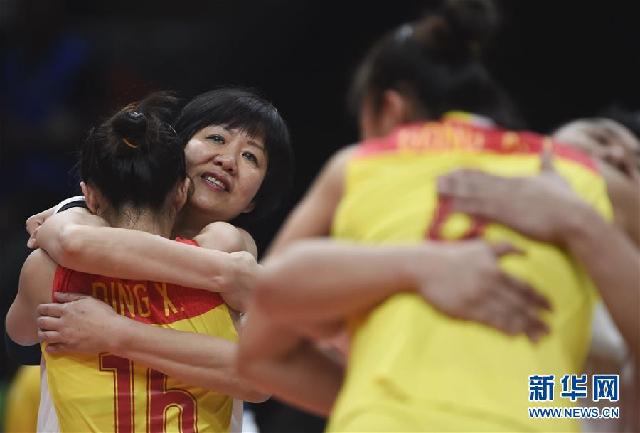 2016年8月20日,中国队主教练郎平(左二)在2016年里约奥运会女子排球决赛战胜塞尔维亚队夺冠后与队员拥抱庆祝。新华社记者李尕摄
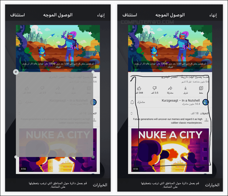 الآن استخدم اصبعك لرسم دائرة أو مربع حول المكان الذي تريد تعطيل استجابة اللمس فيه، فقط تأكد من أن نقطة البداية ونقطة النهاية في الدائرة او المربع تتلقى معًا وسيتم تحديد المنطقة تلقائيًا لتكون مظللة، لاحظ أيضًا أنه يمكنك سحب أي طرف للشكل لتحديد المنطقة بشكل أكثر دقة، بالإضافة إلى القدرة على تحديد أكثر من منطقة لتعطيل أكثر من جزء من الشاشة.
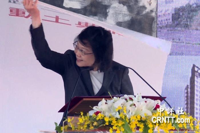 蔡英文2016年12月19日在桃園主持社會住宅開工典禮,瞬間大風,把背后廣告牌吹落,軟板砸到蔡英文的頭,被諷“舉頭三尺有神明”。(圖片來源:中評社)
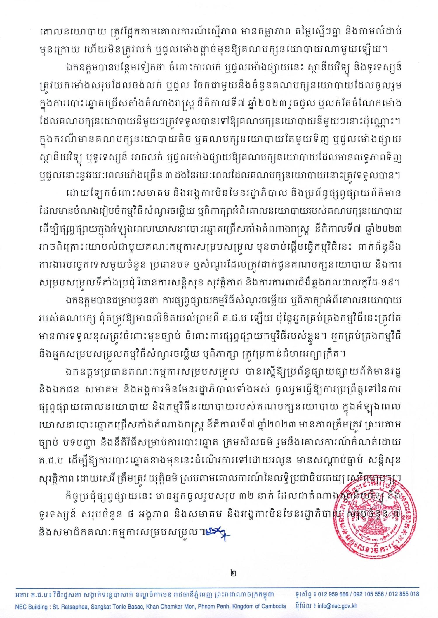 - គោលការណ៍សម្រាប់ស្ថានីយវិទ្យុ និងទូរទស្សន៍ ក្នុងការលក់ ឬជួលម៉ោងផ្សព្វផ្សាយឱ្យគណបក្សនយោបាយ ដើម្បីធ្វើការផ្សព្វផ្សាយអំពីគោលនយោបាយ និងកម្មវិធីនយោបាយរបស់ខ្លួនក្នុងអំឡុងពេលឃោសនាបោះឆ្នោត សម្រាប់ការបោះឆ្នោតជ្រើសតាំងតំណាងរាស្រ្ត នីតិកាលទី៧ ឆ្នាំ២០២៣
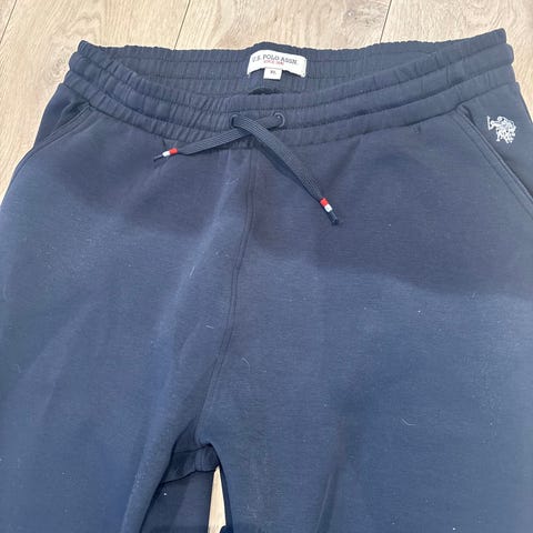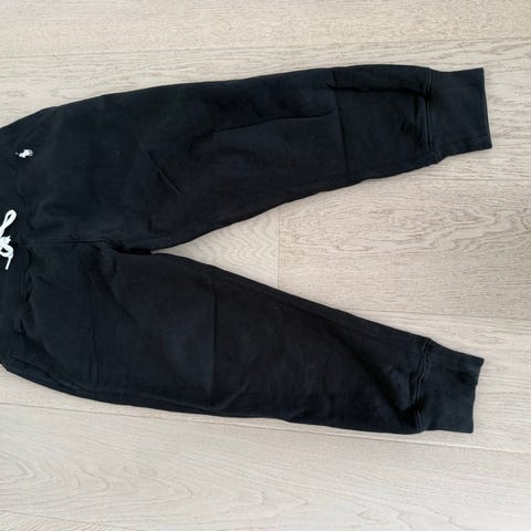Polo Ralph Lauren joggebukse for dame i størrelse M. Buksen er blå og laget i bomull. Den har strikk og snøring i livet for justerbar passform, samt ribbekanter nederst på bena. Mykt materiale som egner seg til hverdagsbruk og avslappede aktiviteter.
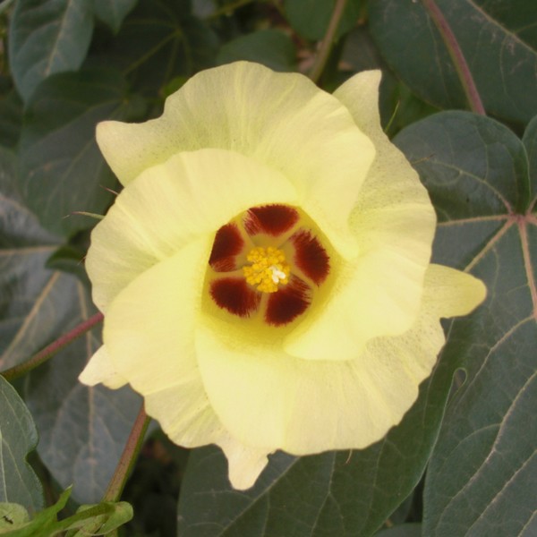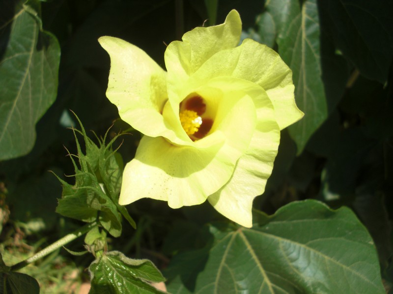 Plant et fleur de cotonAu 2010, une petite graine de coton. Aujourd’hui le plant fait 2 mètres, très touffu. De belles jaunes naissent et meurent dans la journée. Une découverte, pour nous occidentaux mais une réalité ancienne au Maroc. Mon oncle travaillait sous ces cieux dans les années 50 et s’occupait de la production dans la région de Beni mellal.

> _What the task requires_
Would you copy all of the data exactly? Keep the pictures out of it.

> _Answer_
 2016年8月20日,中国队主教练郎平(左二)在2016年里约奥运会女子排球决赛战胜塞尔维亚队夺冠后与队员拥抱庆祝。新华社记者李尕摄
 الآن استخدم اصبعك لرسم دائرة أو مربع حول المكان الذي تريد تعطيل استجابة اللمس فيه، فقط تأكد من أن نقطة البداية ونقطة النهاية في الدائرة او المربع تتلقى معًا وسيتم تحديد المنطقة تلقائيًا لتكون مظللة، لاحظ أيضًا أنه يمكنك سحب أي طرف للشكل لتحديد المنطقة بشكل أكثر دقة، بالإضافة إلى القدرة على تحديد أكثر من منطقة لتعطيل أكثر من جزء من الشاشة.
 蔡英文2016年12月19日在桃園主持社會住宅開工典禮,瞬間大風,把背后廣告牌吹落,軟板砸到蔡英文的頭,被諷“舉頭三尺有神明”。(圖片來源:中評社)
 - គោលការណ៍សម្រាប់ស្ថានីយវិទ្យុ និងទូរទស្សន៍ ក្នុងការលក់ ឬជួលម៉ោងផ្សព្វផ្សាយឱ្យគណបក្សនយោបាយ ដើម្បីធ្វើការផ្សព្វផ្សាយអំពីគោលនយោបាយ និងកម្មវិធីនយោបាយរបស់ខ្លួនក្នុងអំឡុងពេលឃោសនាបោះឆ្នោត សម្រាប់ការបោះឆ្នោតជ្រើសតាំងតំណាងរាស្រ្ត នីតិកាលទី៧ ឆ្នាំ២០២៣
Polo Ralph Lauren joggebukse for dame i størrelse M. Buksen er blå og laget i bomull. Den har strikk og snøring i livet for justerbar passform, samt ribbekanter nederst på bena. Mykt materiale som egner seg til hverdagsbruk og avslappede aktiviteter.
 Plant et fleur de cotonAu 2010, une petite graine de coton. Aujourd’hui le plant fait 2 mètres, très touffu. De belles jaunes naissent et meurent dans la journée. Une découverte, pour nous occidentaux mais une réalité ancienne au Maroc. Mon oncle travaillait sous ces cieux dans les années 50 et s’occupait de la production dans la région de Beni mellal.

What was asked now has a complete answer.